= Douglas Watkinson =

English crime writer

Douglas Watkinson is an English novelist, playwright and screenwriter, specializing in crime and mystery. His books feature the hard-bitten, soft-centred Nathan Hawk, a police officer who was 'required to retire' and now works as a private detective. Known for his wit and fiery temper, Hawk is on his seventh case. The first six books are entitled Haggard Hawk, Easy Prey, Scattered Remains, Evil Turn, Jericho Road, and White Crane.

== Career ==
Watkinson has written hundreds of scripts for television, contributing to Lovejoy, Boon, Juliet Bravo, Agatha Christie's Poirot and Midsomer Murders. He also wrote the daytime drama For Maddie with Love. In 1984 he created the short-lived sitcom The New Statesman starring Windsor Davies.
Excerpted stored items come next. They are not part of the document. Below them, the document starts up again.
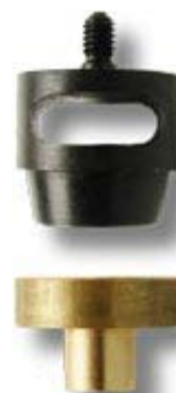
Fustella per pellami

Sono disponibili in tutte le misure necessarie all'applicazione dei nostri occhielli e rivetti
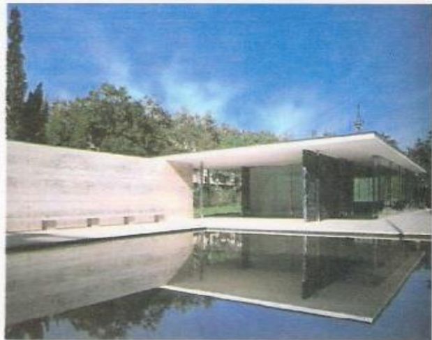
الشكل (4) معرض برشلونة للمعماري (Mies)
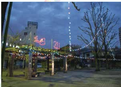
▲冬の灯りイベント／建築士会の協力
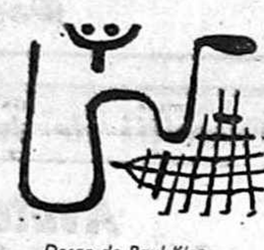
Desen de Paul Klee

Nu mai pot îndura, nu mai pot suporta nimic, nimic, nici măcar pe mine însumi. Aș vrea să nu fi existat niciodată în această lume sau în alta, aș vrea să nu fi avut nicodată spațiu, carne, simțuri gînduri, să nu fi apucat să las prietenii și amintiri, cărți și camere goale, fragmente din vîrduhul unor țări străine, să nu fi fost agent al speranțelor și deășărilor lumești, goigheter și apărător ai vreunei cauze, să nu fi murdărit pleoape și ochelari, să nu fi ains pielea niciunei fete, să nu fi traumatizat și-nseninat zilele nici unor părinți, să nu fi antrenat viața vreunor muritori în cel mai mic vîrtej, lășindu-i să și-o ducă, pură sau impură, acolo unde se duc toate viețile, eu rămînid fără calificative acolo unde rămîn toate non-viețile, eu rămînid în Poezia resurselor infinit nedesvăluite, în pulverulenta fecundă a non-lumilor, în infinitudinea electronului nedevenit cuvînt.
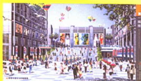
东莞大道主入口效果图
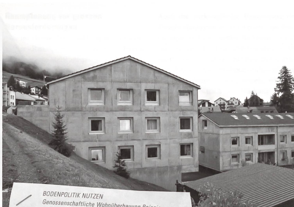
BODENPOLITIK NUTZEN Genossenschaftliche Wohnüberbauung Reisgia in Sainas, Ftan GR, 2010.

13 Wohnungen in zwei Neubauten bilden einen dichten Ort – ein Gegenprojekt zu den üblichen, landzersiedelnden Einfamilienhäusern (Wettbewerb, Parzelle der Gemeinde im Baurecht inkl. günstiges Darlehen).
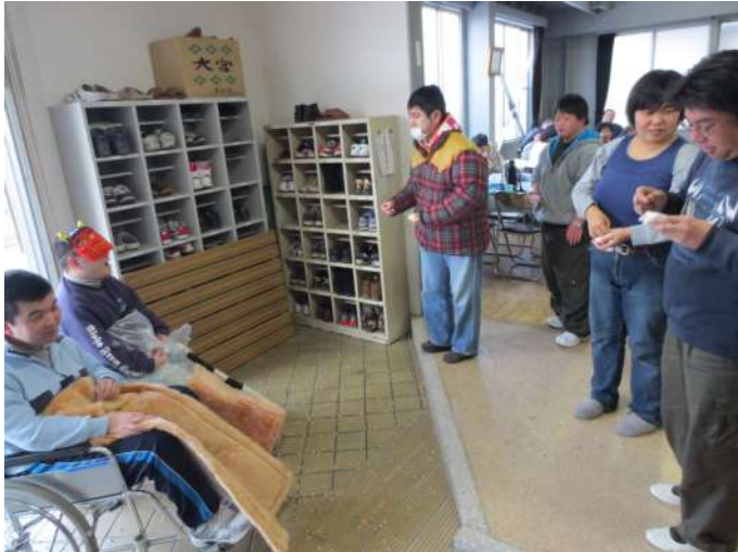
節分豆まき わあ、鬼がふたりいる～

2月3日は節分でしたね。わらしべの家も1日(金)14時45分から仲間の会主催の恒例行事である豆まきを食堂にて行いました。 今年の年男は、私の母校を卒業した36才の2人が、鬼の役になりました。わらしべの家の玄関に鬼が現れると、仲間たちは、テーブルごとに用意された豆を持って「鬼は外、福は内」と言いながら豆を投げました。鬼は、「痛いよ、痛いよ」、と言って山の奥へ逃げていきました。ここにはもう現れないでしょう。それと同時に、体にある悪いむしも追い出しました。鬼の役になった仲間は、「みんなに福が来るように祈っていた」と話していました。
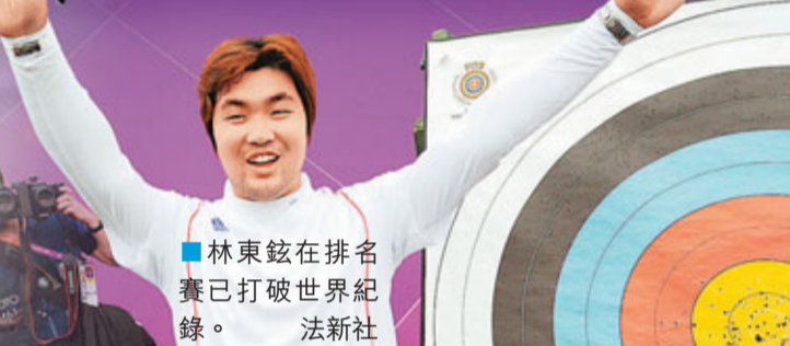
林東鉉在排名賽已打破世界紀錄。

首日排名賽結束，另外一位韓國箭手金法珉以1分之差緊隨在後，吳鎮赫則以690分排第3位。3位韓國箭手皆對此項目金牌志在必得，林東鉉更信心滿滿表示，要帶領韓國奪金。 ■香港文匯報記者 黃舒慧
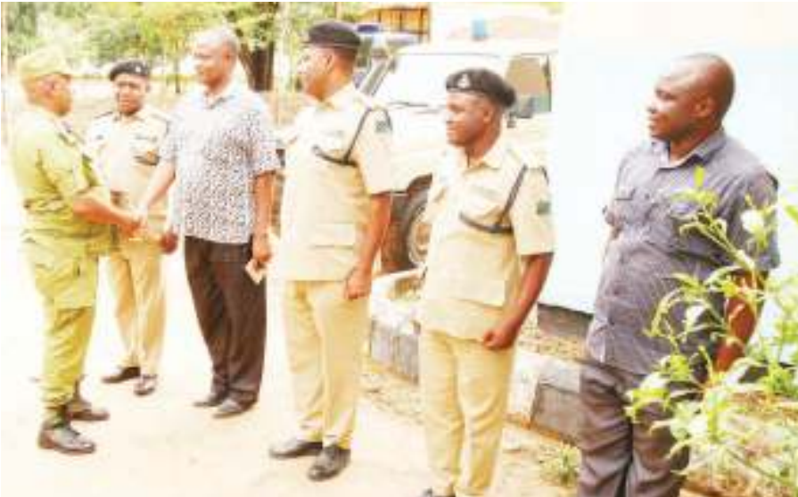
Kamishna wa Operesheni na Mafunzo ya Jeshi la Polisi, Sabas, akipokelewa na maofisa na wakaguzi baada ya kuwasili katika kituo cha Polisi Newala mkoani Mtwara, katika ziara yake ya siku moja iliyokuwa na lengo la kuzungumza na askari wa kituo hicho.

na Tandahimba na baada ya hapo alizungumza na wananchi wa maeneo hayo ili kujua hali ya usalama kwa sasa.
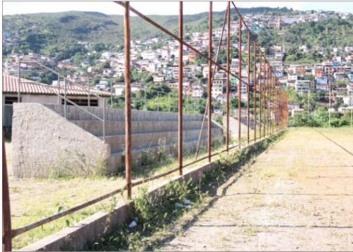
Campo do Padre Faria passará por reforma completa
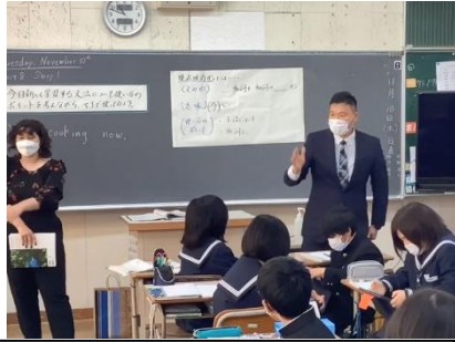
○授業動画視聴（英語科）
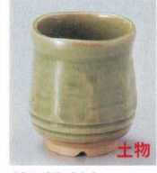
436-39-214 灰釉ケズリ湯呑 480円 7×8.2cm(185cc) 20入 49144211
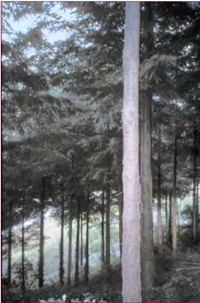
L'éclaircie des peuplements et l'égagage des plus beaux arbres permettront de produire, à l'avenir, du bois d'œuvre.

essences mais on n'a aucune certitude sur l'avenir des plants protégés. Enfin le suivi (dégagements, tailles de formation) est impératif, aussi bien pour les plants introduits que pour les semis naturels d'essences intéressantes (chêne, hêtre, feuillus précieux) qui pourront ainsi être favorisés.
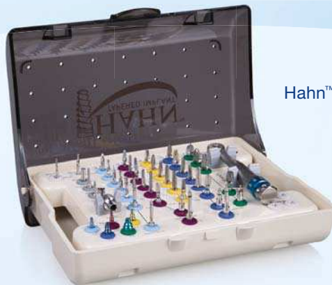
Hahn™ Tapered Implant Chirurgie-Kit
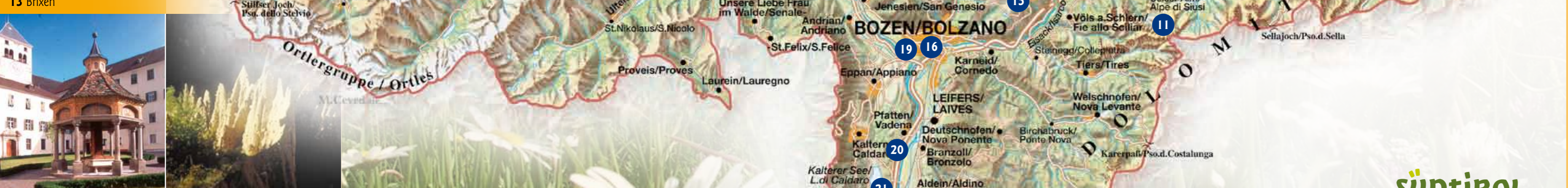
16 Ötzi-Museum, Bozen 17 Gilfenklamm, Sterzing
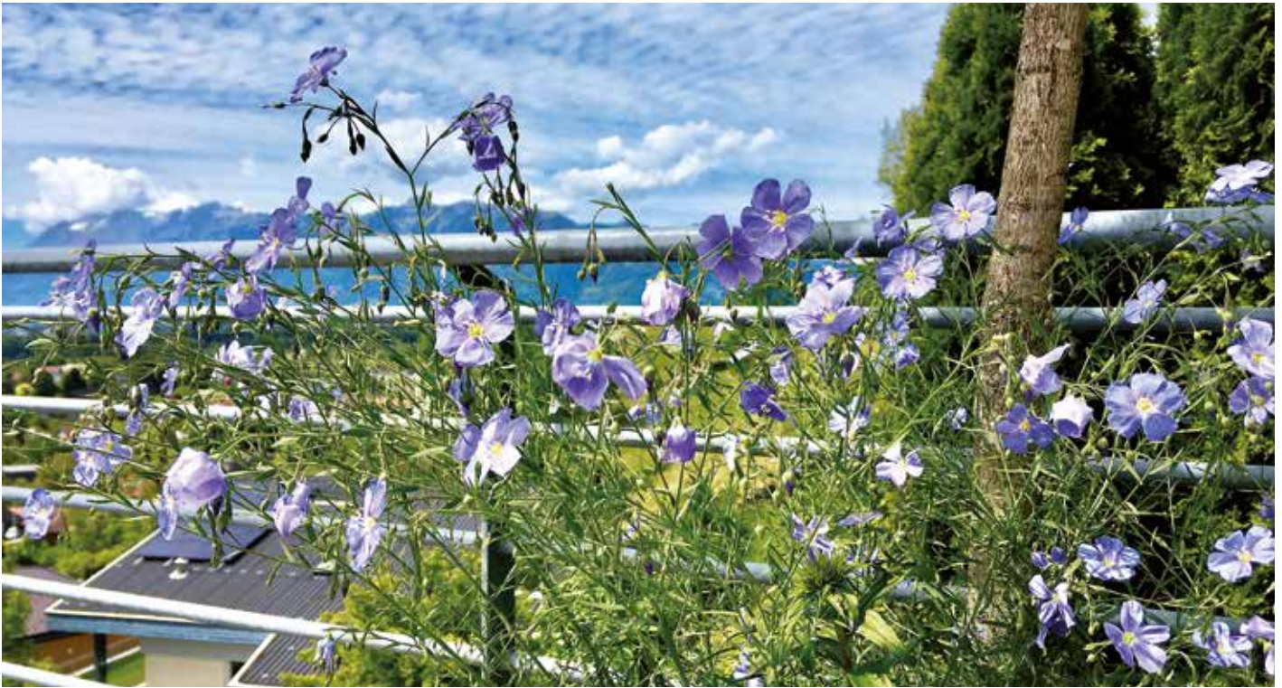
Röthis blüht
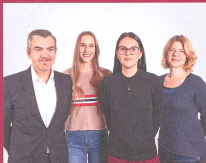
L'équipe du nouveau partenaire pour la régie publicitaire, rubmedia AG.
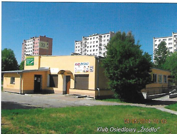
Klub Osiedlowy „Źródło”
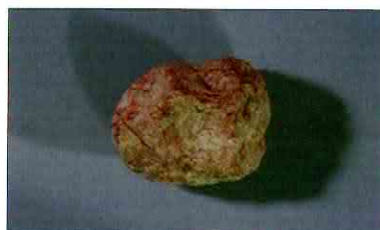
【사진 14】 여러면석기
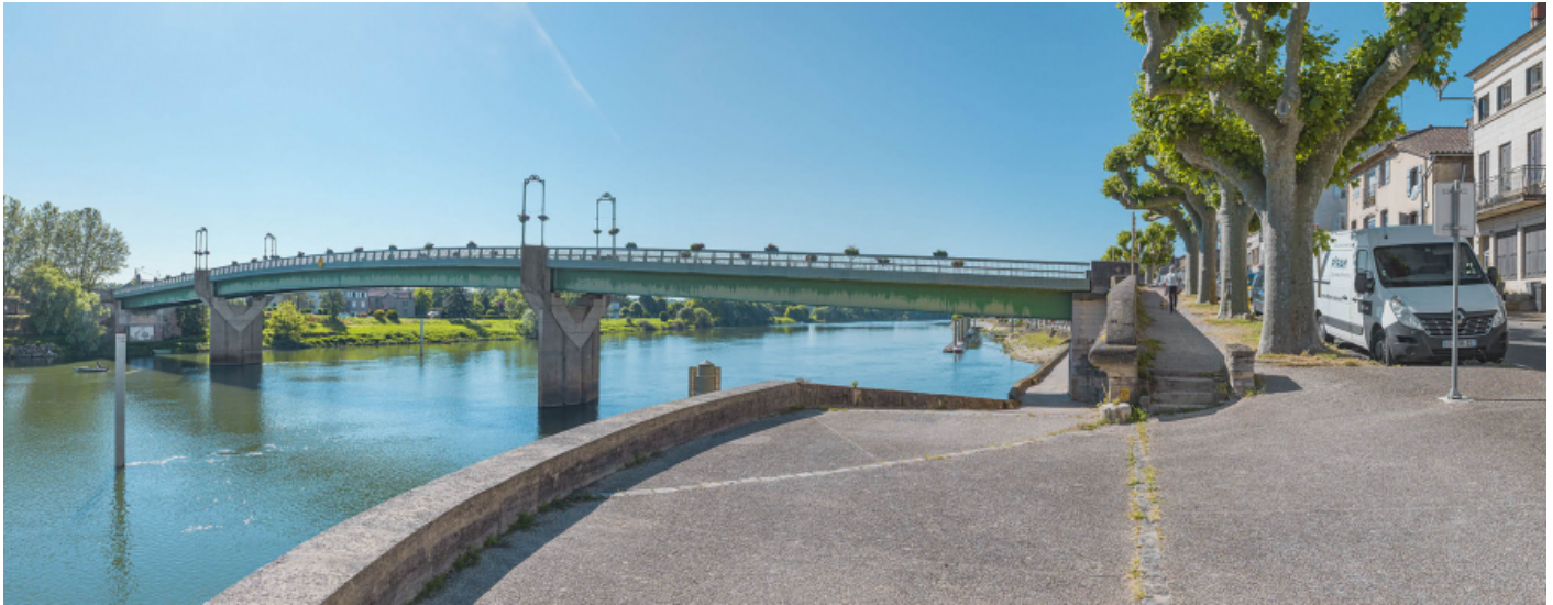
Le pont de Tournus, vu d'amont, rive droite. 71, Tournus rue Jean Jaurès, lieudit : PK 110,9

He has written four stage plays: Let's Do It My Way, Caesar and Me, The Dragon's Tail and The Wall

== Background and personal life ==
Watkinson was born into an army family and his father served throughout World War II and beyond. He was killed in Palestine by The Stern Gang in 1947. His death is the inspiration for Watkinson's play The Wall, in which a middle aged man visits a military cemetery in Ramleh, Israel and meets a young British soldier who turns out to be his father.
Educated at Haberdashers' Aske's, Watkinson later attended East 15 Acting School, where his first plays were performed.

== Writing ==
Watkinson began his career writing the backs of record sleeves for Decca and at the same time he bombarded television companies with plays. The first to be produced was a thirty-minute two-hander called Click, starring Ray Brooks and John Paul. Since then, he has never been out of work. He was the script writer for several BBC series, most notably Z-Cars, Howard's Way and The Brothers.
His favourite work has been Midsomer Murders, Boon (for which he wrote the establishing episode), Lovejoy, Forever Green and Maybury (which was Kenneth Branagh's first on-screen appearance).